Friedman's original tunes have the quality of standards and great episodes too. "35 W. 4th Street" is titled after the address of New York University where he teaches piano techniques, improvisation & jazz theory. One day his students did not show up, so he sat in front of the piano and fingered some chords - which gave him an idea for this tune. "Blues in a Hurry" was composed for this very album, with the title having a double meaning. While listing the tunes he wanted to record on this album, Friedman thought blues or fast tunes would make the list complete. So he forced himself to
compose a new tune, just some days before the date. "Flamands" is a name of a beach of St. Barth's, French West Indies. Friedman has visited this beautiful beach on his vacation, and was inspired. "From A to Z" is dedicated to his friend and a wonderful Hungarian guitarist, Attila Zolla (1927 – 1998). They collaborated in the 60's when they were active in the West Coast scene.


  1. 35 W. 4th St.
    This is a Don Friedman original composition. The title comes from the street address of New York University, where Friedman taught jazz in the 60's. Once, a student failed to show up for an appointment and Friedman filled the time by writing this song. The melody leaves a lasting impression. The performance is very up-tempo.
  2. I Concentrate on You
    Cole Porter wrote this song and lyrics for the movie, Broadway Melody of 1940. Since then, Frank Sinatra and other singers & musicians have regularly performed this standard tune. The song features a thrilling bass solo and a drum solo rounding out a well-coordinated trio performance. In 1993, Friedman recorded this song solo on the piano on his album, Don Friedman at Maybeck released on Concord Jazz.
  3. Waltz for Debby
    Bill Evans wrote this waltz for the daughter of his brother, named Debby. It was first recorded on Evans' album New Jazz Conceptions (1956). The song became a classic when The Evans Trio performed it at the Village Vanguard in 1961 for a live album of the same title. Friedman's good friend, Scott LaFaro (bass) also participated in the recording. Because of the popularity of the song, fellow pianist Oscar Peterson recorded the song many times as well. In this version, Friedman uses the same approach as the Bill Evans Trio - start slow, change to swing, and feature a bass solo. Despite some of the similarities, Friedman uses a faster tempo and a stronger touch on the piano.
  4. Bud Powell
    Chick Corea wrote this song as a tribute to Bud Powell.
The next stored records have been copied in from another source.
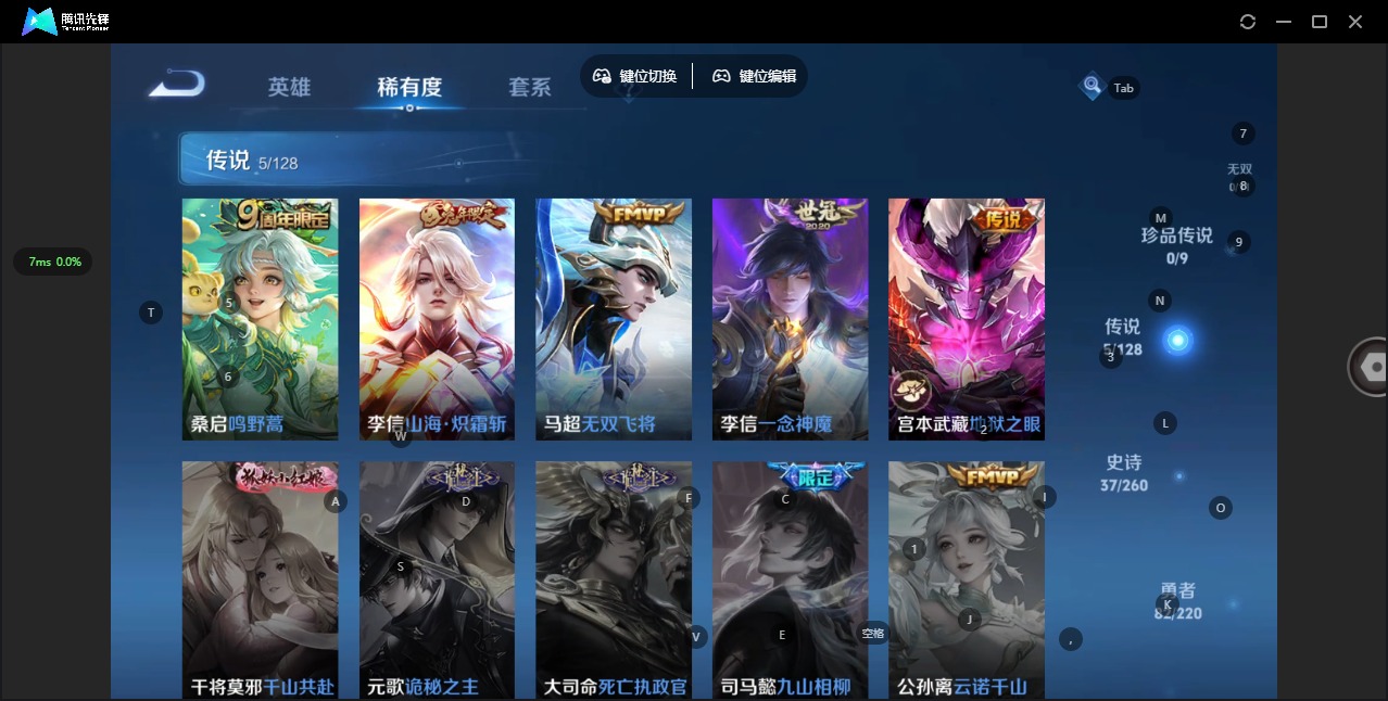 - [11771269]猴子典藏,久胜,紫霞,-可二次-108英雄-165皮肤-1典藏-7传说-31史诗 辉光之辰-后羿 街头霸王-韩信
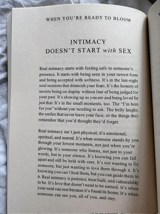 reali intimacy starts with feeling safe in someone’s presence. it starts with being seen in your rawest form and being accepted with softness.. it’s in the late-night soul sessions that diminish your fears. it’s the honesty of secrets being on display without fear of being judged for your past.. it’s showing up as you are and being loved for just that.. it’s someone who listens, not just to your words, but to your silence. it’s knowing you can fall apart and still be held with care. it’s not wanting to fix someone, but just wanting to love them thru it. it’s knowing you can’t heal them, but you can guide them to it.. real intimacy is.. vulnerability to be. it’s love that doesn’t need to be earned. it’s when your soul can rest because it’s found its home. it’s when someon can see you, all of you, and stay.
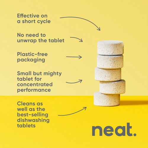 Achieve spotless results with minimal effort using Neat All-in-One Dishwasher Tablets. These convenient tablets incorporate powerful Triple Action Cleaning and Fast-Dissolving Technology for guaranteed clean dishes.
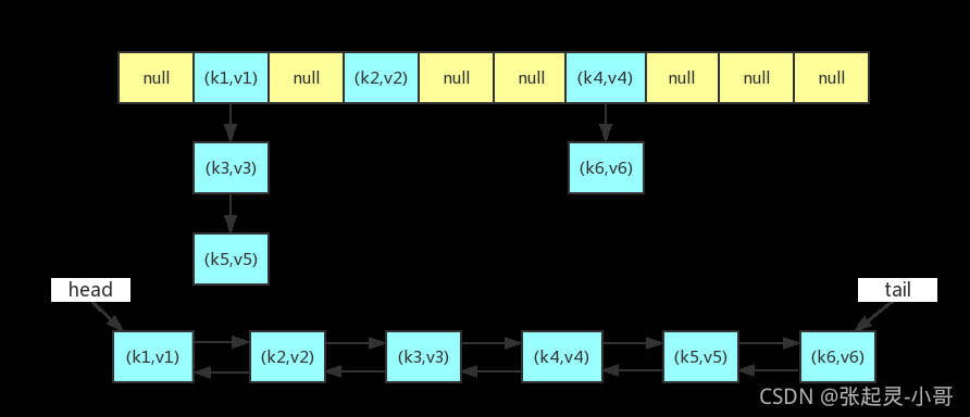 LinkedHashMap的大致实现如下图所示,当然链表和哈希表中相同的键值对都是指向同一个对象,这里把它们分开来画只是为了呈现出比较清晰的结构。

It was first recorded by Chick and Gary Burton in 1979 on Chick Corea and Gary Burton in Concert released by ECM. Later, Chick Corea recorded it again in the
    Bud Powell tribute album. This version is a little boppish, a different take that makes it interesting.
  5. You Must Believe in Spring
    Michel Legrand wrote many memorable songs for the screen including "The Summer Knows," "What Are You Doing the Rest of Your Life," and many others. This track, also written by Legrand, was for the 1966 movie The Young Girls of Rochefort starring Catherine Deneuve. Bill Evans performed it with Tony Bennett on their duet album Together Again (1976) as well as his own album under the same title (1977).
  6. Blues in a Hurry
    An exciting, up-tempo performance is heard here. The transition from the quiet to the active is quite dramatic. This is a new composition by Friedman written for this album. Just before the recording session, Friedman noticed there were no blues or a fast tempo song for the album. He decided to combine the two and wrote this song, thus the title.
  7. The Shadow of Your Smile
    This is the Academy award nominated title song written by Johnny Mandel for the movie The Sandpiper starring Elizabeth Taylor and Richard Burton. Friedman recorded this track on his album Love Music released by Progressive in 1978. In this performance, the melody is not played straight but rather in an interesting rhythmic variant.
  8. Flamands
    This track is a Friedman composition that was originally recorded on his album Almost Everything (1995) released by Steeplechase. The title comes from the name of a beach on the island of St. Barts in the West Indies. St. Barts is a well-known resort frequented by Americans to escape the winter. Friedman visited this island on vacation and his impressions of it became this song. It has a strong Caribbean mood and a memorable rhythm pattern to it.
  9. From A to Z
    This track was written by Friedman as a tribute to Hungarian-born guitarist, Attila Zoller, who passed away in 1998. In the 60's, Friedman and Zoller were bandmates in Herbie Mann's group. They also played on each other's albums. The song is about the loss of a good friend. At somewhat of a fast tempo, you can still sense the sadness in the melody.
  10. Old Folks
    The last track features a solo piano performance. The familiar standard was first sung by Mildred Bailey in the 30's. Friedman plays it effortlessly and elegantly. With each note, you can hear Don Friedman's distinct style, unique & different from Bud Powell or Bill Evans.